From SP to LTD to ABS and from SRA to CLC


In this guest post, Paul Hajek, managing director of Gloucestershire firm Clutton Cox Conveyancing, talks about his journey from being an SRA-regulated sole practitioner to a CLC-regulated ABS

Hajek: We will not be the only conveyancing firm to make the change

Take your mind back, if you will, to 2011 – BABS as I call it. That’s ‘Before Alternative Business Structures’.

The implementation of the long anticipated, but slightly unnerving, Legal Services Act 2007 had arrived.

Many small law firms, with the threat of a disintermediated future for legal services dominated by BigLaw, were worried that, in the words of Corporal Fraser from Dad’s Army, “we’re doomed, we’re doomed, we’re all doomed”.

Differentiate or die

I’ve lost count of how many ‘future of law’ conferences I have attended over the years exploring the options for law firms in the advent of ABSs.

The overriding thrust of the conferences had been unequivocal: there were three (Wild West) options:

Circle the wagons: Carry on as before, drive down costs and drive out inefficiencies and keep fingers crossed that some form regulatory or combined marketing venture or other will come to your rescue;

Wave the white flag: Simply give up conveyancing and concentrate on other areas of the law or;

Come out all guns blazing: Fight back and truly set your law firm apart with great service, innovation and embrace the challenge and opportunities of ABSs.

Start of the ABS process

In 2011, my firm Clutton Cox removed the word ‘Solicitor’ from our branding and simply referred to the areas of law where we could help clients: conveyancing, wills and probate.

Although a firm believer in the solicitor brand, the competitive advantage once enjoyed by solicitors had been eroded by the unchallenged (in a trade mark sense) terms ‘property lawyers’ and ‘will writers’. There was confusion in the eye of the many consumers.

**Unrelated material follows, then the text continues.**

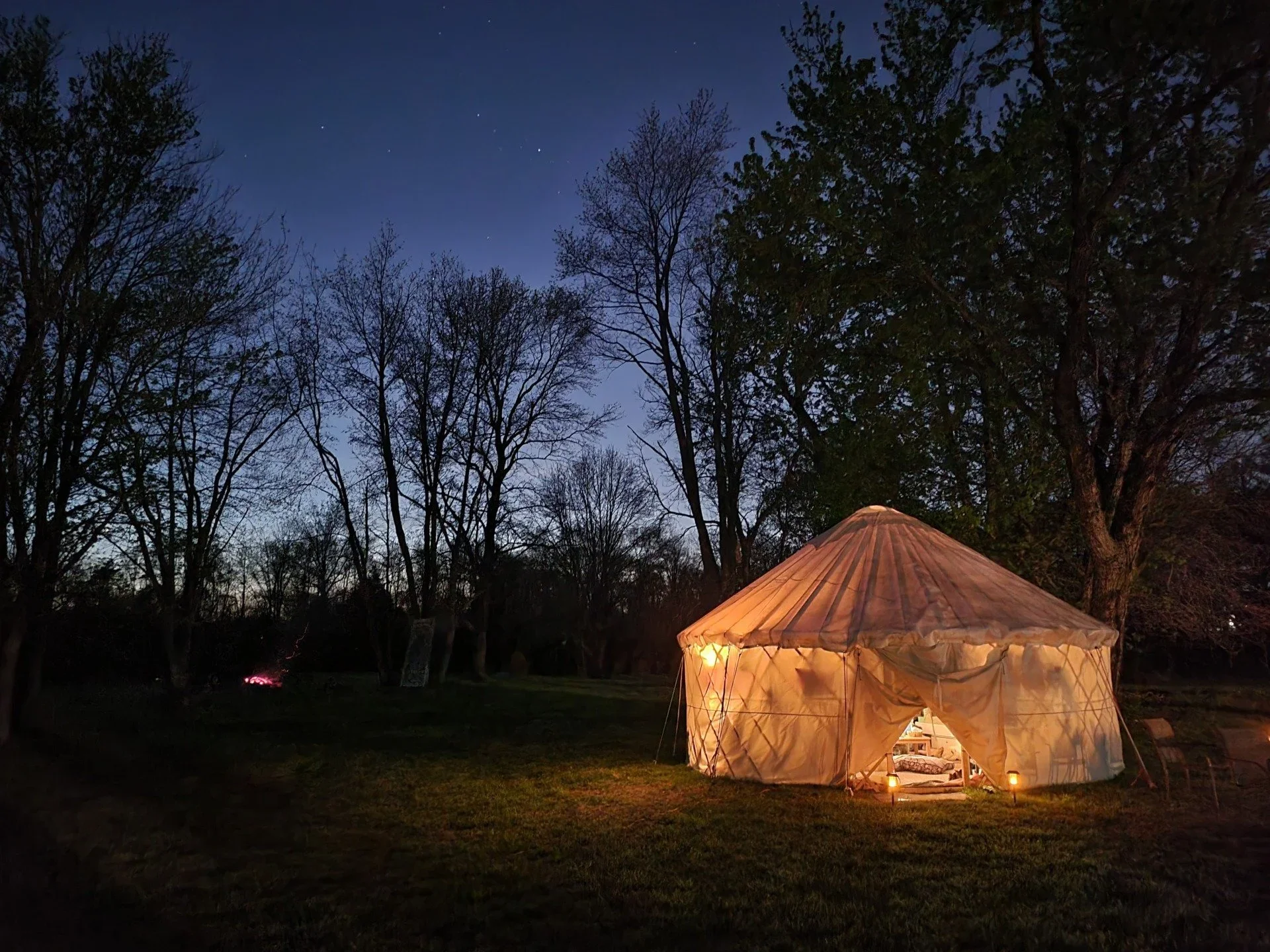 Your own furniture and décor is absolutely encouraged! We just ask that you do not paint, stain or make any permanent alterations to the yurt. -

In 2016, with opening of a new office in Thornbury, we decided to stop handling wills and probate work and became Clutton Cox Conveyancing.

Incorporation

Previously, in 2014, I changed status from sole practitioner to limited company. This gave me the right structure and, at the time, a considerable goodwill tax advantage.

Although this was a paper exercise as far as Companies House was concerned, it was a heavy bureaucratic process, in my opinion, so far as the Solicitors Regulation Authority (SRA) was concerned.

I had to reprove myself to the SRA with new business plans and forecasting etc, as if forming a new law firm from scratch – even under its streamlined conversion procedure.

Shortly after, my assistant solicitor became a non-share-owning director.

The Conveyancing Association

I was invited to join the Conveyancing Association (CA), which I did in January 2017 after the previous year attending various events and presentations.

My new ‘elevator pitch’ is that the association is made up of the top 75 conveyancing firms in England and Wales and… Clutton Cox.

Many of the members of the CA are ABSs and regulated by the Council for Licensed Conveyancers. Much of the conveyancing innovation comes from ABSs with the guidance and support of a more commercially aware specialist regulator.

Speaking to other solicitors in the CA, many felt they would benefit from a transfer of regulator to the CLC. They thought the SRA had an extraordinary job on its hands regulating ‘magic circle’ firms as well as the smallest of the small sole practitioners, and both ends of the profession felt the other was being favoured.

The only reason for not changing to another regulator (and it was a huge obstacle) was the payment of six years’ run-off cover for the privilege. Not commercially viable for us.

SRA rule change

The SRA rules changed on 1 October 2017 to make moving from one regulator to another less of financial burden by removing the obligation to have run-off cover in place.

ABS and CLC

I sat next to Stephen Ward, director of strategy and external relations for the CLC, at the LFS Conveyancing Conference in September 2017, which reinforced my ideas and I started exploratory talks about the process with the CLC last November. We started the actual process in earnest in April of this year.

We found the process to be straight-forward and we’re helped very supportively by the CLC throughout the process. The SRA was also very efficient in making the transfer happen on time.

Clutton Cox is now an ABS with four directors: two legally qualified – myself and Sarah Howe – and two non-lawyers, our finance director Kim Rudge and head of sales and people Lou Elliott.

I feel we now have the corporate structure and a forward-looking specialist regulator to help and guide us to thrive in the new legal landscape.

It’s been a journey of some eight years and timing has been fortuitous. I sense we will not be the only conveyancing firm to make the change.

Competition is promoted among law firms it is only fair that competition among regulators is as well.